● What you have to do
Transcribe exactly the line with "キャベツはみじん切り。豚こま" and each line that follows it in the listing, down to the last, omitting all pictures.

● Collected material
--*--

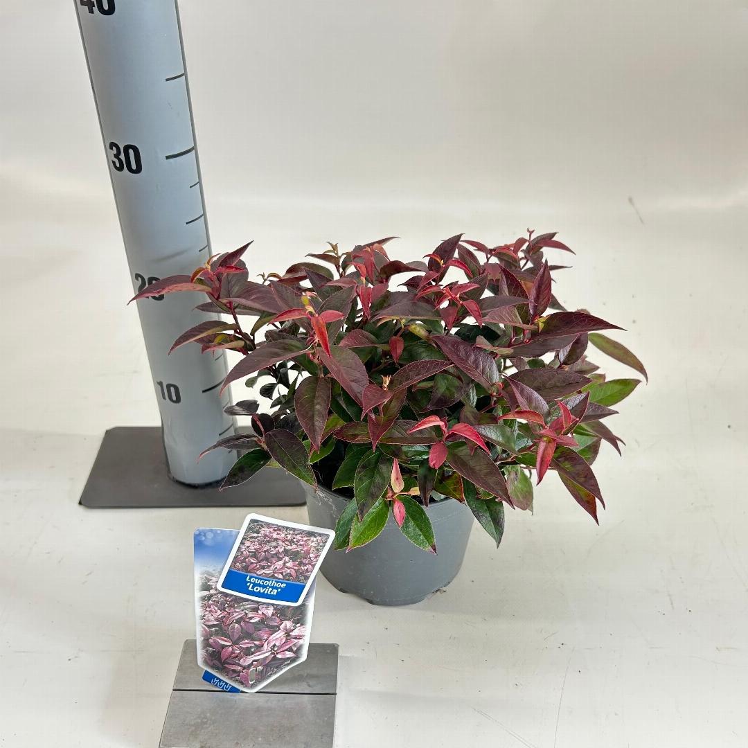 Leucothoe walteri ‘Lovita’ bereikt doorgaans een hoogte van 60–80 cm en vormt een gelijkmatige, groenblijvende heester met sierlijk overhangend blad.
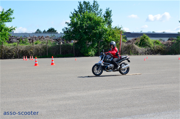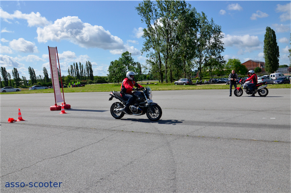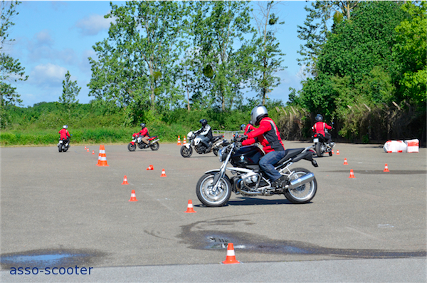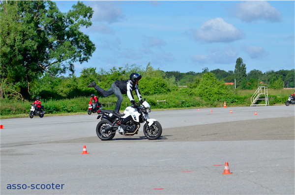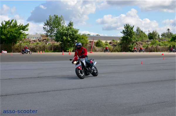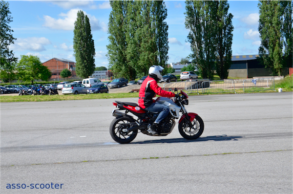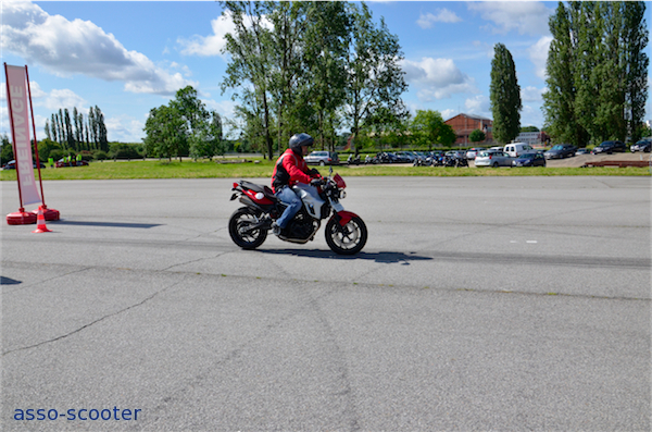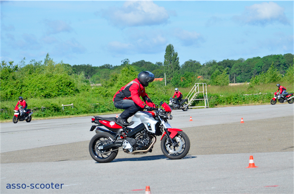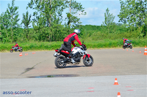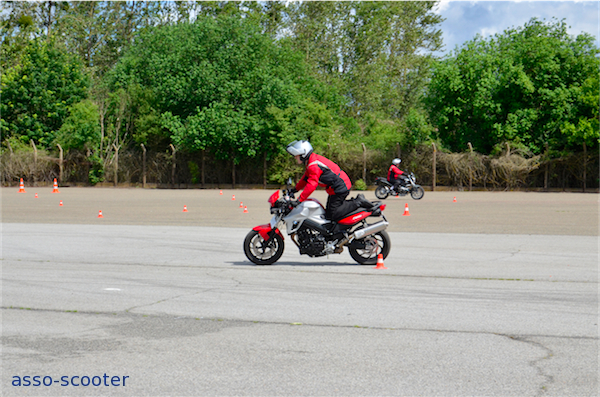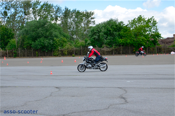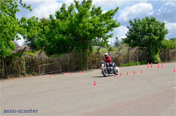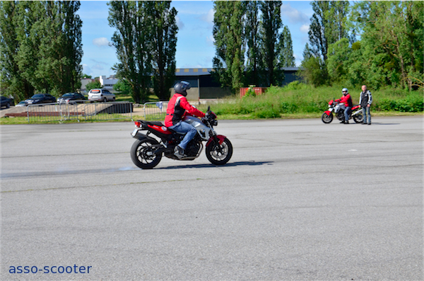 Les moniteurs sont là pour nous montrer qu’il est possible de s’aider du guidon et que la force gyroscopique fait que la moto se redressera toute seule à la fin de la manoeuvre.
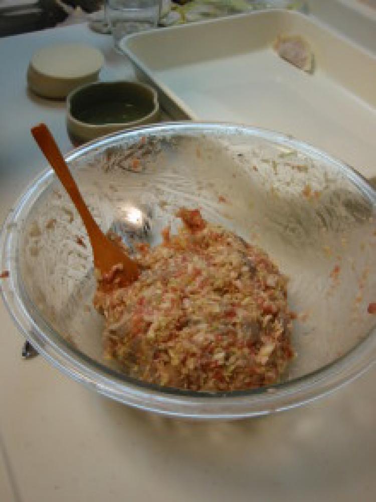 キャベツはみじん切り。豚こま肉の場合はたたいて粗めのミンチにし、エビは殻と背ワタをはずしてぶつ切りにする。
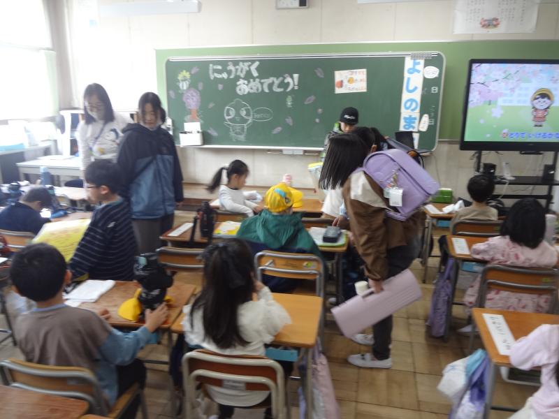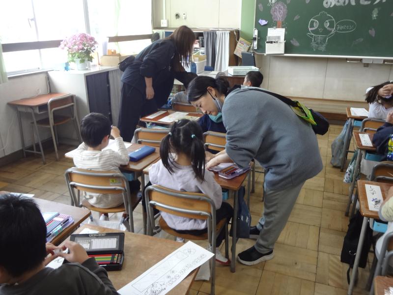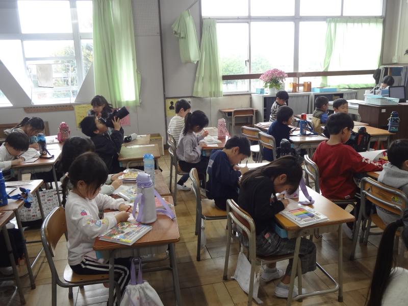 1年生は、初めて使う探険バックやノートなど、一度持ち帰り、お家の人に名前を書いてもらって集める作業がたくさんあります。毎回、準備にご協力いただき、ありがとうございます。

--*--

● Result
 キャベツはみじん切り。豚こま肉の場合はたたいて粗めのミンチにし、エビは殻と背ワタをはずしてぶつ切りにする。
 1年生は、初めて使う探険バックやノートなど、一度持ち帰り、お家の人に名前を書いてもらって集める作業がたくさんあります。毎回、準備にご協力いただき、ありがとうございます。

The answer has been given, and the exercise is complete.